Cover of Two Thousand Million Man-Power

After reading G. E. (Gertrude Eileen, for the record) Trevelyan’s fascinating Appius and Virginia back in September, I became intrigued to learn more about her life and work.

And soon discovered there really wasn’t much — at least within the confines of the Internet — to be discovered. She was born in Bath, grew up in Reading, attended Lady Margaret Hall in Oxford, was the first woman to win the Newdigate Prize for poetry, moved to London, pursued a career as a writer, was injured in the Blitz in October 1940 and died four months later.

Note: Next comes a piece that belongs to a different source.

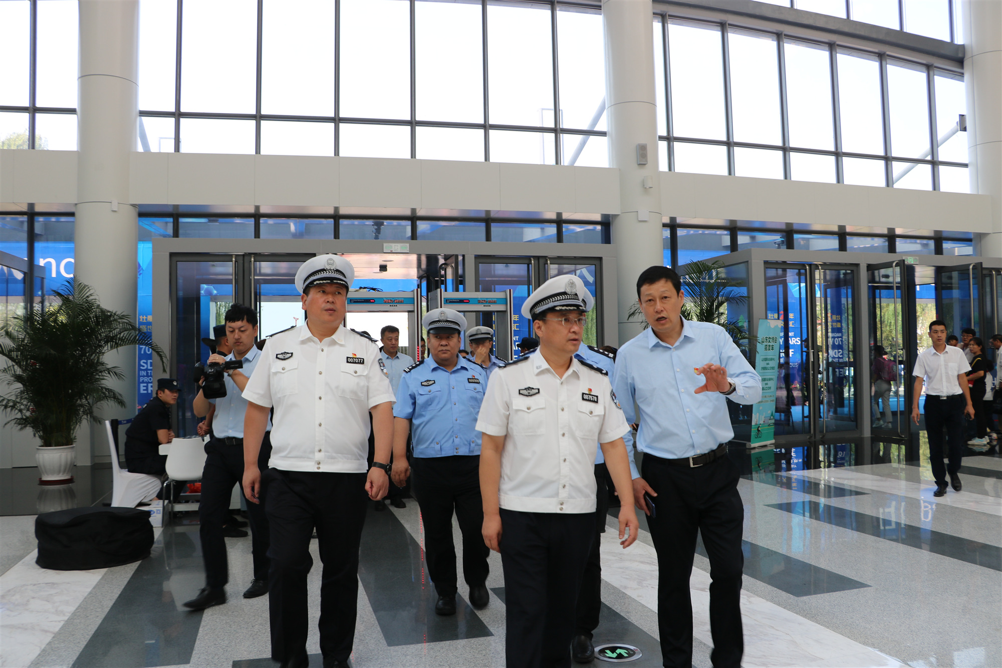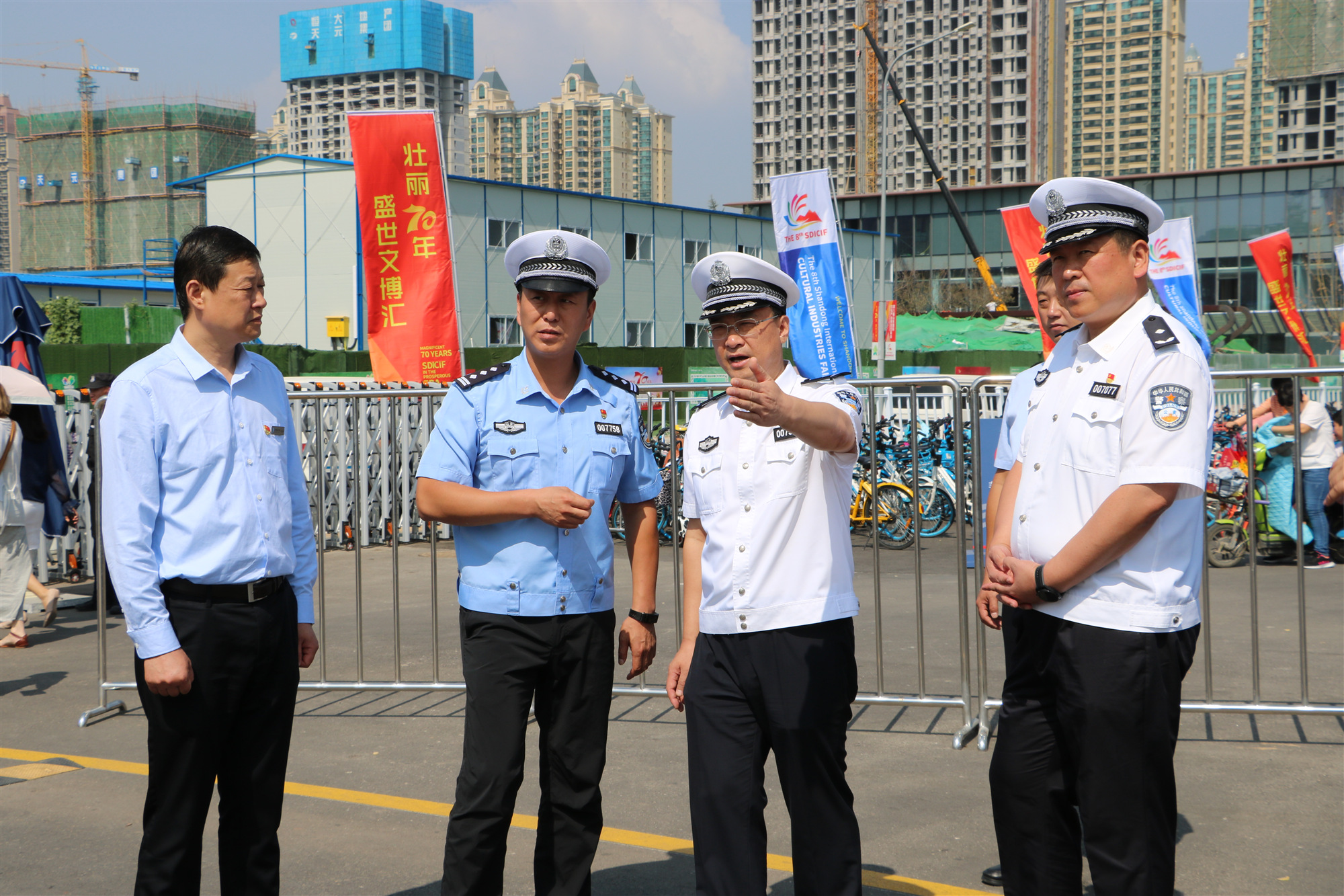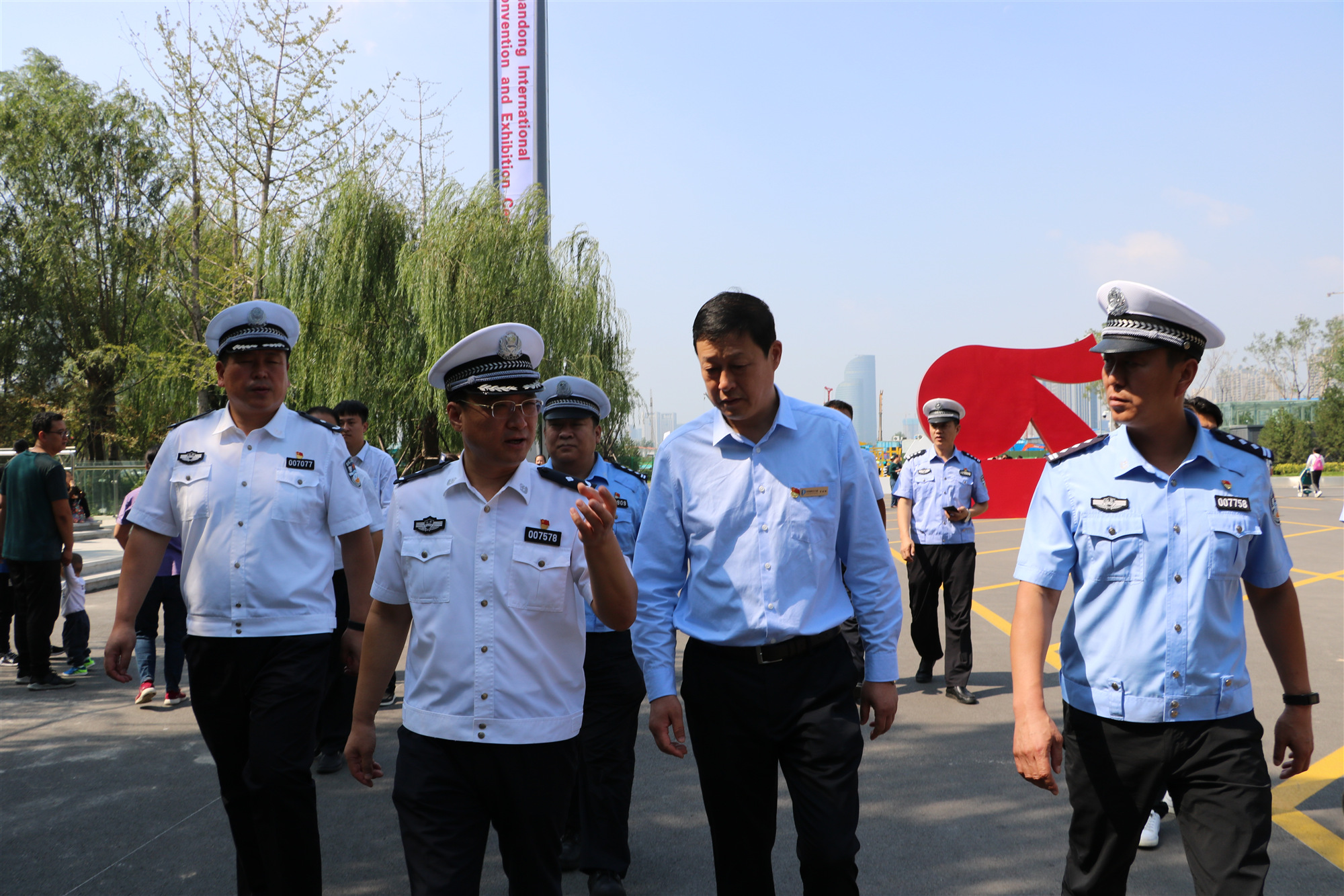 9月22日,為應(yīng)對(duì)文博會(huì)交通壓力,濟(jì)南市公安局交警支隊(duì)支隊(duì)長(zhǎng)曹鳳陽(yáng)、副支隊(duì)長(zhǎng)孫小鵬一行今天來(lái)到第八屆山東文博會(huì)現(xiàn)場(chǎng)調(diào)研靜態(tài)停車(chē)工作。

She wrote eight novels in the space of seven years, all apparently quite different in subject and approach. Of these, only one — her second novel, Hot-House (1933), based on her Oxford experience — is in print. Not that you’d know it. The book was reissued in 2017 with the exciting title, Women’s University Narratives, 1890-1945, Part II: Volume II, part of a series edited by Anna Bogen. Of the rest, less than twenty used copies are available for sale, most of them going for over $100. Her last book, Trance By Appointment (1939), is not to be found outside a dozen libraries scattered around the world. Even the book covered here, Two Thousand Million Man-Power (1937), no copies available for sale, so I must include a link to its WorldCat.org listing.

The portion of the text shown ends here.